TRX is the name brand and you can google a plethora of exercises under that name... but "suspension straps" is a common generic term. Be sure to look up proper height positions and "Fully lengthened vs partial (or halfway) and Fully shortened positions."
The basic idea of these strap systems are credited to US military (specifically Navy SEALS) looking to a very versatile and mobile workout system... though no doubt someone somewhere will dispute that. lol.
Anyway, it can seem complex at first, but it's a system worth learning for most people!
I often do an Aussie pull-up on a Smith Machine with an overhand grip. Doing a pull-up when you weigh 255-260 is a big ask, Aussie version is better 😂
Thanks for the vid. Hopefully this eventually helps me to do pullups!
One question, the last bit of my pull when the rings get close to my chest, I feel the effort in my shoulders (deltoids). Is this typical?
What sort of positioning with the rings will better isolate my lats?
Tq👍🏼
Do you recommend that we'd progress these even further with an archer-style row to get these to a single arm movement?
feeling biceps more in my pull ups.... my form is correct
Ha, editor took the day off OR this was on purpose to get me (and everyone else) to comment.

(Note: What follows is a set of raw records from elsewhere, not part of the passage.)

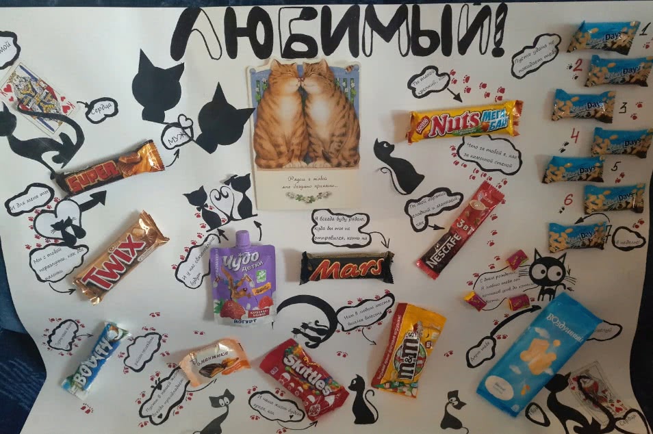 Плакат. Соберите плакат из сладостей и пожеланий, собственных рисунков и дополнительных картинок. Фантазируйте в свое удовольствие. Вспомните ласковое прозвище своего любимого, возможно, в магазине продается что-то из этой серии, а, если для вас он просто «любимый», то в магазине всегда продается коробочка с соком одноименного содержания.
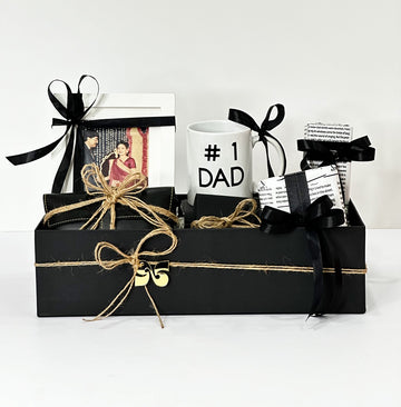 Honour the man who holds it all together with 'Daddy Dearest', a thoughtful collection of treats and essentials - a cozy mug, stylish sun glass cover, refreshing charcoal soap, decadent chocolate barks, a heartwarming photo frame, and nourishing beard oil. Celebrating the hero of the family!
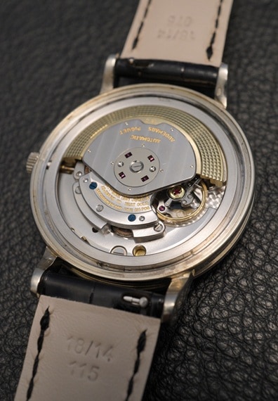 Ref.5281と言えば、内側に抉る様な造形のケースサイドが特徴的な一本です。加えて今回の個体は、ケースが18Kホワイトゴールドのモデル。金無垢ならではの「ズシッ」と感じる重厚感…ステンレススティールの仕様とはひと味違う柔らかな色味も、この時計の良さをより一層引き立てています。また、中央に向かって盛り上がったボンベ状のダイヤルもケースの重厚感を際立たせ、サイドからのシルエットをより印象的なものにしています。バーインデックス&バトンハンドという視認性の良いシンプルなデザインとのマッチングも素晴らしく、まさにオーデマらしいデザインセンスが光ります。ダイヤルにはやや経年変化が見受けられますが、着用時には大きく気にならないでしょう。
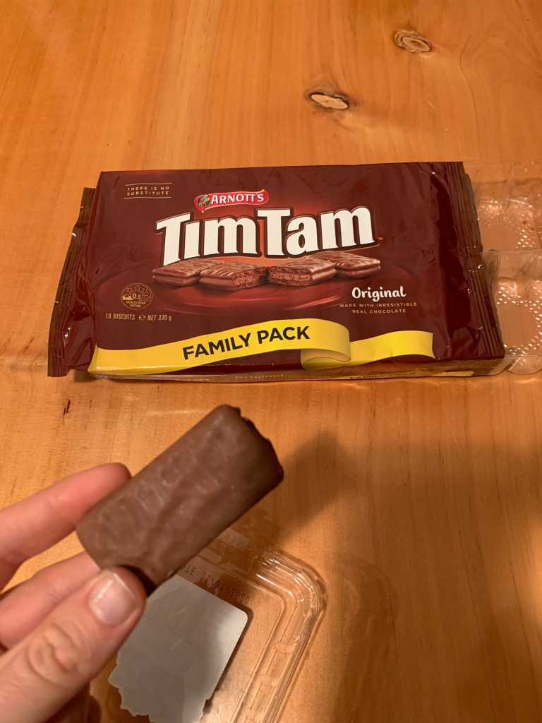 Back in Rawene, Luca introduced me to the Tim Tam slam. If you don’t yet know, a Tim Tam is a delicious chocolate wafer (Australian, sold in the US but I’d never had them before). For the slam, you bite off the chocolatey corners and try to suck a hot liquid like coffee or tea through the wafer before it inevitably melts into the hot liquid. I don’t understand the physics of it, but Luca was the reigning champ.
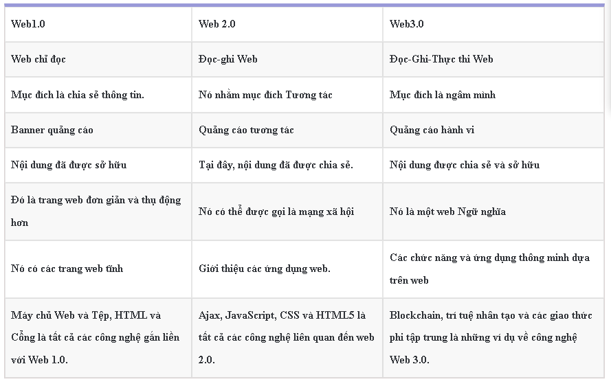 Ba phiên bản của Internet là Web 1.0, Web 2.0 và Web 3.0. Có những khác biệt đáng chú ý trong cách ba thế hệ này tương tác với Internet. Sự khác biệt chính giữa web 1.0, web 2.0 và web 3.0 như sau.
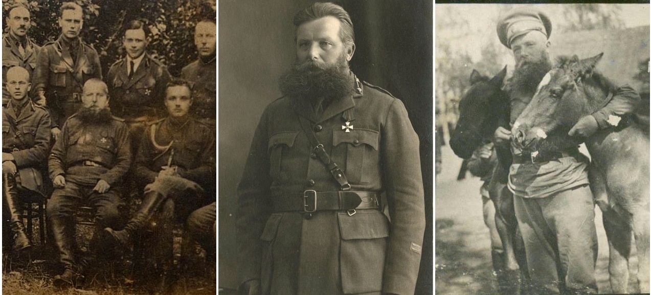 Col. Christopher (Krish-Indrik) Genrikhovich Kücke Krišs Ķūķis. A Lutheran and ethnic Estonian born in 1874 the Courland province, he graduated from the Odessa infantry cadet school and accepted a spot as an ensign in the 37th Yekaterinburg Infantry Regiment in 1900. Earning a St. Anne as a subaltern with the 10th Omsk Siberian Infantry Regiment during the Russo-Japanese War, by August 1914 he picked up a St. George while leading the machine gun company of the 39th Tomsk Infantry Rgt near Loshchev, which was pinned on him by the Tsar himself. Captured while leading a battalion at Lake Naroch in April 1916, he escaped the Revolution by virture of being a guest of the Kaiser at the Helmstedt stalag then, in early 1919, was released through the offices of the British Red Cross and made his way to join Yudenich’s White Army in the Baltics that summer as a company commander. After Yudenich melted away, Genrikhovich would join the Estonian Army (he is seen in a British-supplied Estonian uniform in the center) and held a variety of positions through the late 1920s when he retired. Active in both Estonian and exile politics and a supporter of the assorted “Forest Brothers” groups during the Soviet occupation, he was eventaully liqguidated by Red Partisans in Feburay 1945.
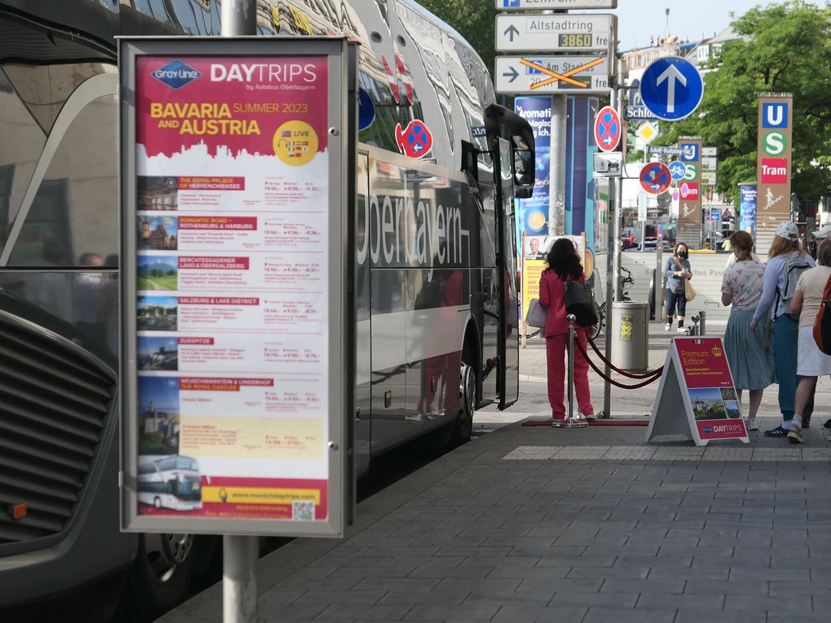 12月に一人旅で利用しました。まずバスにGrayLineSIGHTseeingと記載があると行き先の補足説明に書いてありますが、そのような文字はバスには書いてありませんでした。私は「AutobusOberbavern」と書いてある二階建てのバスでした。バスの行き先が流れるテロップのところもMerry Christmasと流れてるだけで、ツアーの情報は流れてなかったので、バスガイドさんに聞いて確かめるのが良いと思います。
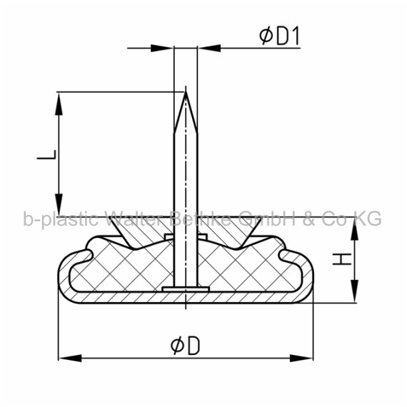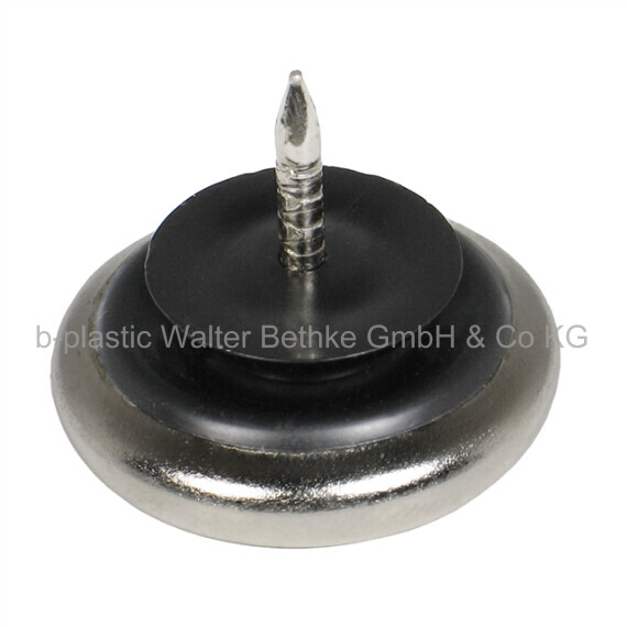 Nail glides with TPE-buffer and highly flexible nail (plastic joint) for extremley inclined furniture legs
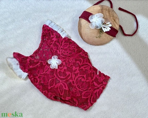 Csipke body és fejpánt szett Újszülött fotózáshoz
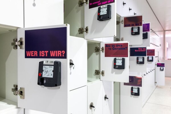 Also Fragen stellen und nicht Antworten geben: Darauf setzt auch Elsa Oberndörffer, wenn sie an die Türen der Garderobenspinde für Besucherinnen und Besucher selbst formulierte Fragen klebt. Etwa: „Sind wir kritikfähig?“ oder „Wer ist wir?“ – das alles auf Deutsch und auf Englisch.
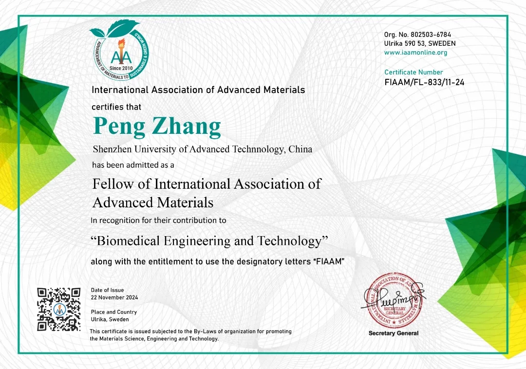 近日,深圳理工大学生物医学工程学院特聘杰出教授张鹏当选为“国际先进材料学会会士”(FIAAM),以表彰他在生物医学工程与技术领域所作出的突出贡献。
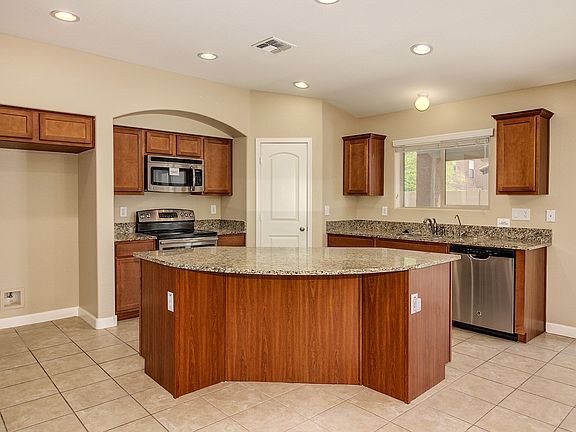 Come see this one-level Buckeye home located near a neighborhood park and basketball courts! Step inside and you will see a Great room offering an eat-in kitchen with granite countertops, breakfast bar, and stainless steel appliances and a living room area. Down the hall, the Master bedroom offers a walk-in closet and an ensuite bathroom with a separate shower/tub. Out back, you can relax under the covered patio or play on the grassy lawn. Home is conveniently located near Skyline Regional Park, Schools, and I-10. This home comes with a 30-day satisfaction guarantee and one-year premium warranty. Terms and conditions apply. Open House: Mon-Sun, 6am-9pm

I think you mean to say "it doesn't get its due credit" not "it doesn't get its due diligence". Either you misspoke or you don't know what "due diligence" means.
you could just row on a machine especially if your at the gym. it's easier to get the form right and you can progressively add weight . I suppose you could get a backpack and some weights and add to this but why?
Stability benefits, more natural range of motion, shoulder health benefits, etc…. also much of these is for those who might be working out at home or use this somewhere in their programming. Can be used for de-load cycles, or many are just interested in calisthenics only type exercises. You can do machine rows one week or cycle of your program and then switch these in. Think outside of the box basically.
If you have to ask you’re too dumb to benefit from them.
Can I use rings for this?
Absolutely
You're doing these wrong! You should be rotating your wrist throughout the extension.
i dont want to build muscle, so i will ignore this video.
He gets a lot of shit in his comments huh? Lotta minor bitching.
Great content.
what is up with that intro?
Who cares?
me3899
Where is your muscle?
In your wife’s mouth.
I'm looking for a microphone like yours, can you send a link to buy please?
The gentleman way you speak,makes me want to drink some tea
I had to pause the video so I could get changed into formal attire
thank you this is so useful, especially how you show the progressions
great video man
i LOVE THESE!
thanks for the advices.
What is the brand of your shoes ?
Seriously? 🤦♂️
@@RustyKnorr yes !
looks like you have some random background actors now.